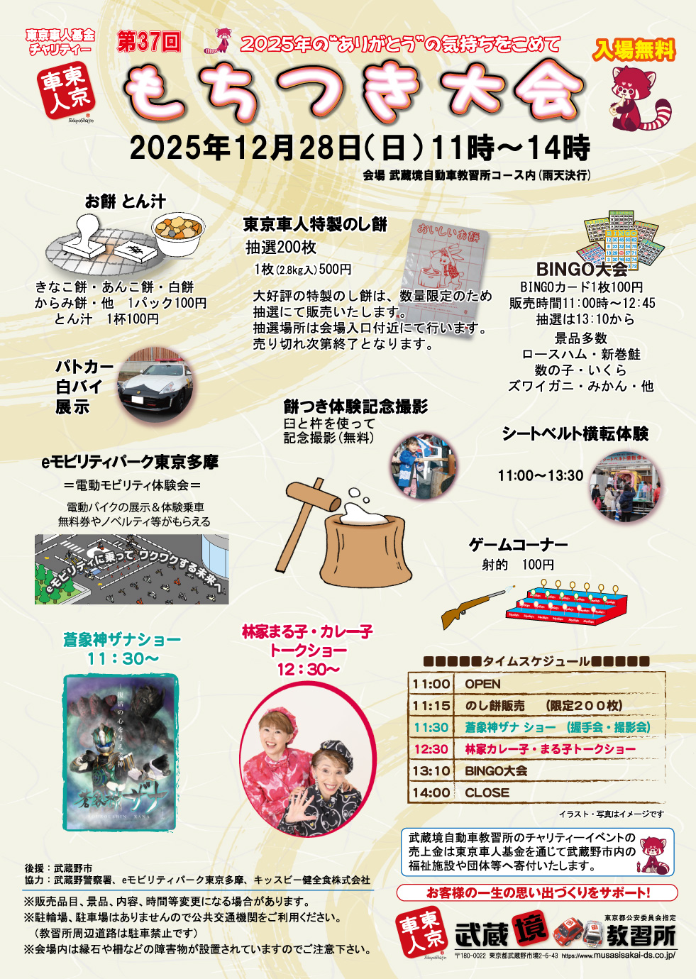2025年12月28日(日)11:00~14:00に『東京車人基金チャリティー第37回もちつき大会』を開催いたします。ご家族・お友達をお誘いの上、ぜひお越しください。
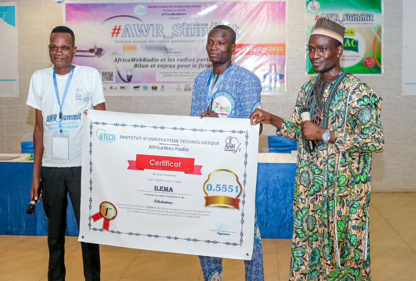 Identification et remise de prix aux trois (03) radios du sommet selon la RoA (Radio Online Audience). Remise d’attestation de participation
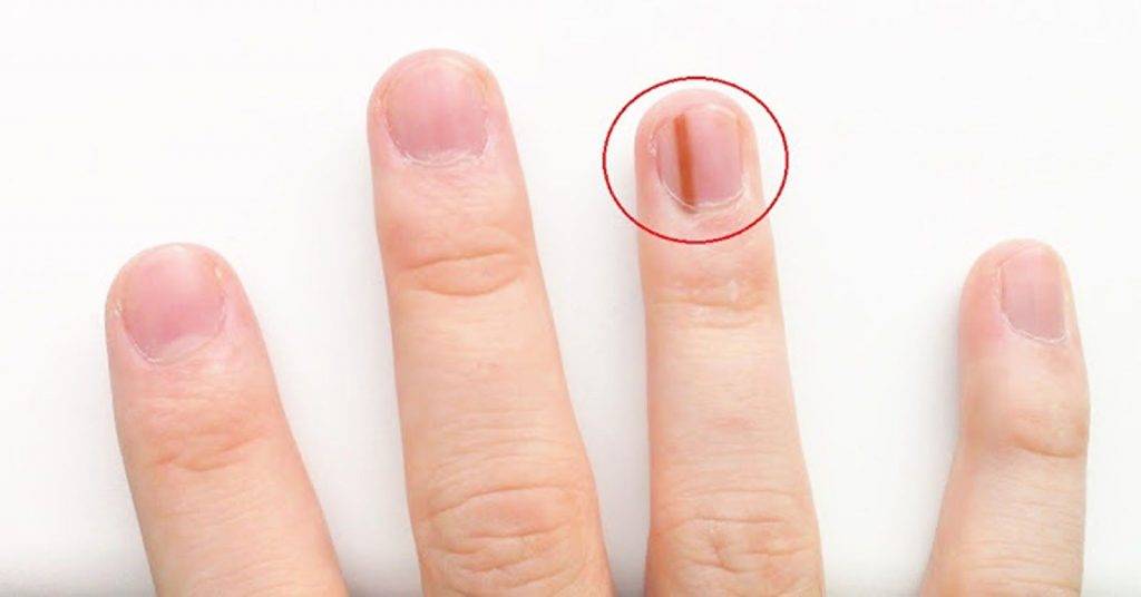 - Подногтевая меланома – грозное онкологическое заболевание, отличающееся агрессивным течением и способное уносить жизни людей. Для него характерно образование под ногтем темного пятна любой формы, полоски и т. д. Заболевание требует немедленного обращения к врачу.
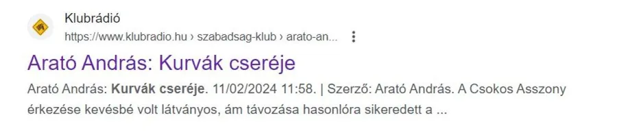 Egy olyan beszólásért, mint amilyet Arató András, a Klubrádió elnöke megengedett magának véleménycikkében, egy kocsmában alighanem alapos verést kapna az érintett nők férjétől. Az eredetileg Kurvák cseréje című cikkében Novák Katalin köztársasági elnök és Varga Judit volt igazságügyi miniszter lemondását kommentálta Arató, majd az írás címét először megváltoztatta, végül az egész cikket törölte a Klubrádió honlapjáról.
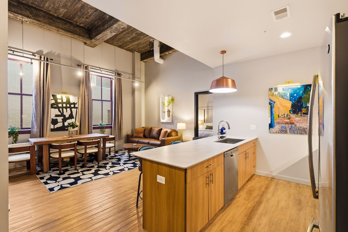 The Paragon is a stunning, tastefully designed 2BR/2BA loft with 12’ ceilings + bright 7’ steel-frame windows, and walk-in closets. Kick off your stay with a fresh-brewed latte and a bite from the mini market downstairs. Spend the afternoon lounging in the sun by the pool, or challenge your friends on the rooftop game terrace. Grill up some dogs at sunset and take a short Uber to the stadium for a Cards game, or class it up with steaks at Carmine’s and a show at the famous Fox Theatre
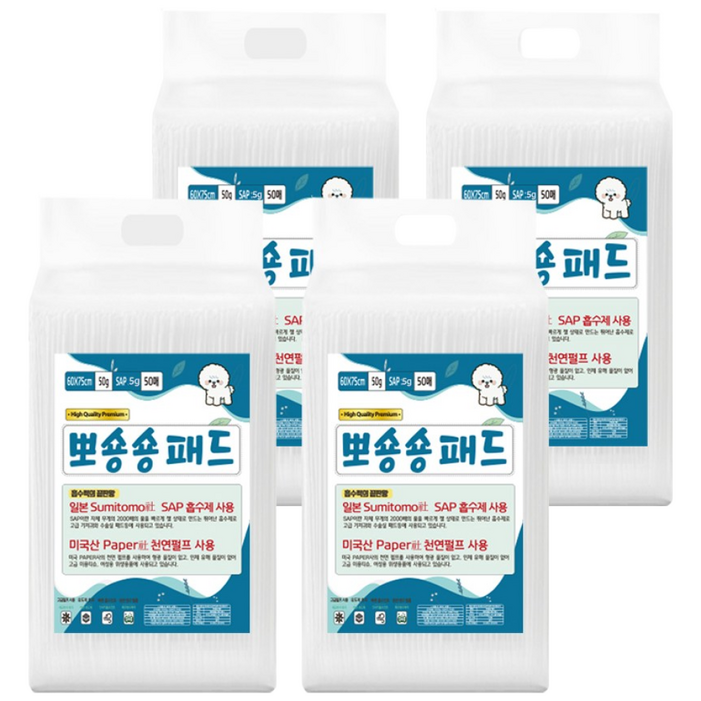 강아지 배변패드 고흡수 고중량 두꺼운 패드 대형 매트, 4개, 50개입
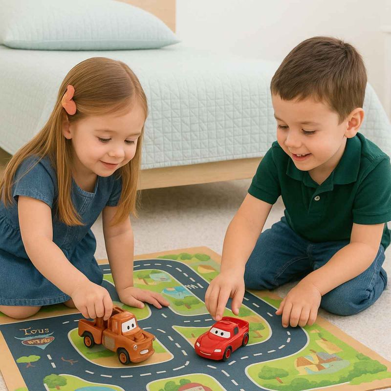O conjunto acompanha dois carrinhos super detalhados — Relâmpago McQueen e Mate — perfeitos para explorar cada curva do tapete. Feito com material emborrachado, macio e seguro, o tapete é confortável para brincar e fácil de limpar, garantindo diversão prática e duradoura.
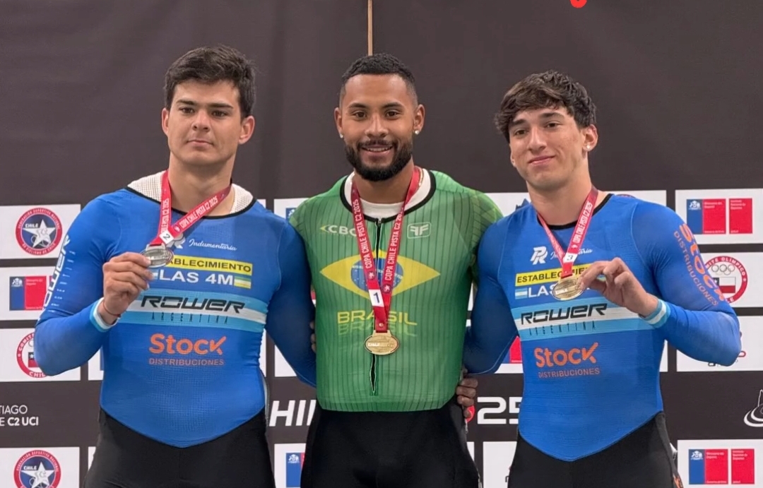 A participação do Brasil no primeiro dia da Copa Chile de Pista Internacional, válida pelo Ranking Mundial C1 da UCI, foi marcada por resultados expressivos. O grande destaque veio na Velocidade Individual, onde João Vitor confirmou o favoritismo e levou o ouro na Elite masculino. O brasileiro superou os argentinos Juan Bautista Rodríguez, prata, e Matías Roberto Murilo, bronze, confirmando o alto nível da competição e colocando a bandeira verde e amarela no lugar mais alto do pódio.
☆ ☆ ☆ ☆ ☆
* [Your goal]
Write out, exactly and with nothing added, every line from the one that holds "O conjunto acompanha" to the end of the entries above; pictures stay out.

* [Answer space]
O conjunto acompanha dois carrinhos super detalhados — Relâmpago McQueen e Mate — perfeitos para explorar cada curva do tapete. Feito com material emborrachado, macio e seguro, o tapete é confortável para brincar e fácil de limpar, garantindo diversão prática e duradoura.
 A participação do Brasil no primeiro dia da Copa Chile de Pista Internacional, válida pelo Ranking Mundial C1 da UCI, foi marcada por resultados expressivos. O grande destaque veio na Velocidade Individual, onde João Vitor confirmou o favoritismo e levou o ouro na Elite masculino. O brasileiro superou os argentinos Juan Bautista Rodríguez, prata, e Matías Roberto Murilo, bronze, confirmando o alto nível da competição e colocando a bandeira verde e amarela no lugar mais alto do pódio.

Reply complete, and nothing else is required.